The Consequences of Northern Republican Opposition to the Civil Rights Act of 1964

The 1964 election was in many ways a watershed event in American politics. Although it was a landslide win for President Lyndon B. Johnson, 1964 itself was a year of some monumental changes in policy. The Economic Opportunity Act was passed that year, launching the War on Poverty, and the landmark Civil Rights Act of 1964 was passed, setting the United States on the policy of tackling employment discrimination as well as ending segregation. As it might be predicted, the vote was largely regional, with most of the North voting for and most of the South against. There was strong pressure to vote against the bill in the South, but there was strong pressure to vote for the bill in the North. In the House, the Civil Rights Act on final vote passed 289-126. The Republican vote on it was 136-35, with 14 of the “nay” votes coming from the South (the former Confederacy plus Kentucky and Oklahoma). There were also two Northern Republicans who cast a “pair” against.

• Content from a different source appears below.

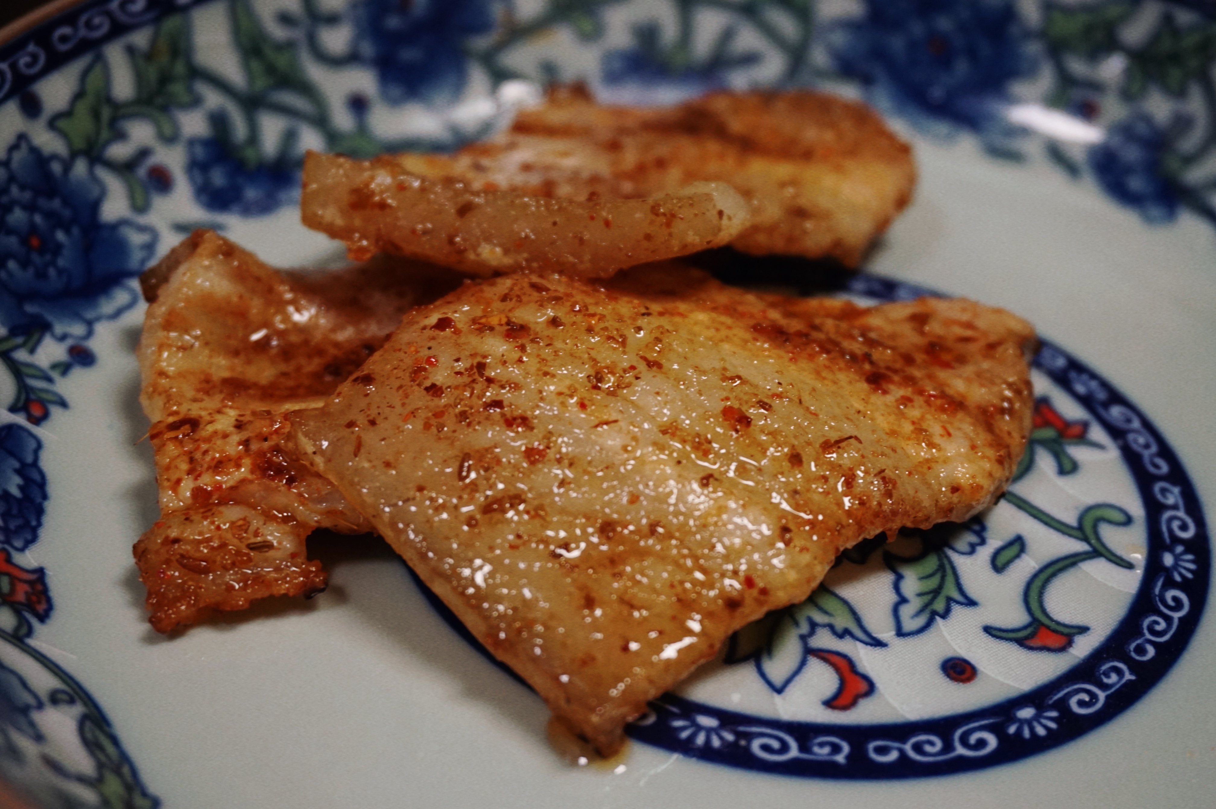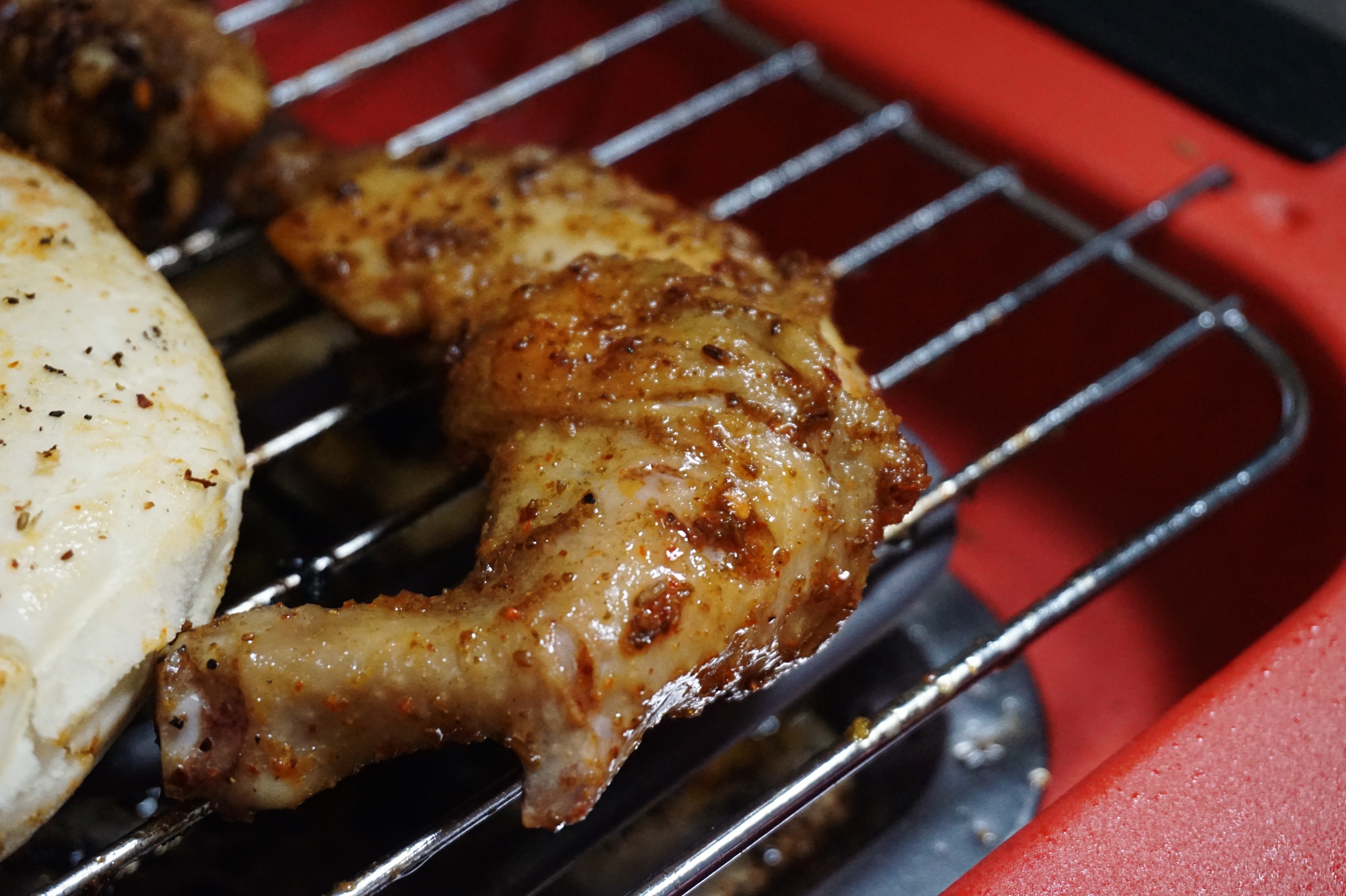 烤鸡腿的效果,肉质软糯,汁水都被牢牢地锁在了肉里。哈哈稍微有点咸,可能腌的有点过了,不过还是非常香的。

August E. Johansen - Wikipedia
Rep. August Johansen of Michigan, one of the most consistent Northern Republican foes of civil rights legislation. He was defeated in 1964 after ten years in Congress.

Of the 23 Northern House Republicans who voted or paired against on the final vote, this is what happened to them:

H. Allen Smith, California – Reelected.

Del Clawson, California – Reelected.

Glen Lipscomb, California – Reelected.

James B. Utt, California – Reelected.

Bob Wilson, California – Reelected.

Patrick Martin, California – Defeated.

Charlotte Reid, Illinois – Reelected.

Earl Wilson, Indiana – Defeated.

H.R. Gross, Iowa – Reelected.

Ben F. Jensen, Iowa – Defeated.

George Meader, Michigan – Defeated.

August Johansen, Michigan – Defeated.

Victor Knox, Michigan – Defeated.

Durward G. Hall, Missouri – Reelected.

James F. Battin, Montana – Reelected.

Ralph Beerman, Nebraska – Defeated.

Louis Wyman, New Hampshire – Defeated.

Clarence E. Kilburn, New York – Retired.

Don Short, North Dakota – Defeated.

John Ashbrook, Ohio – Reelected.

E.Y. Berry, South Dakota – Reelected.

William Van Pelt, Wisconsin – Defeated.

William Henry Harrison, Wyoming – Defeated.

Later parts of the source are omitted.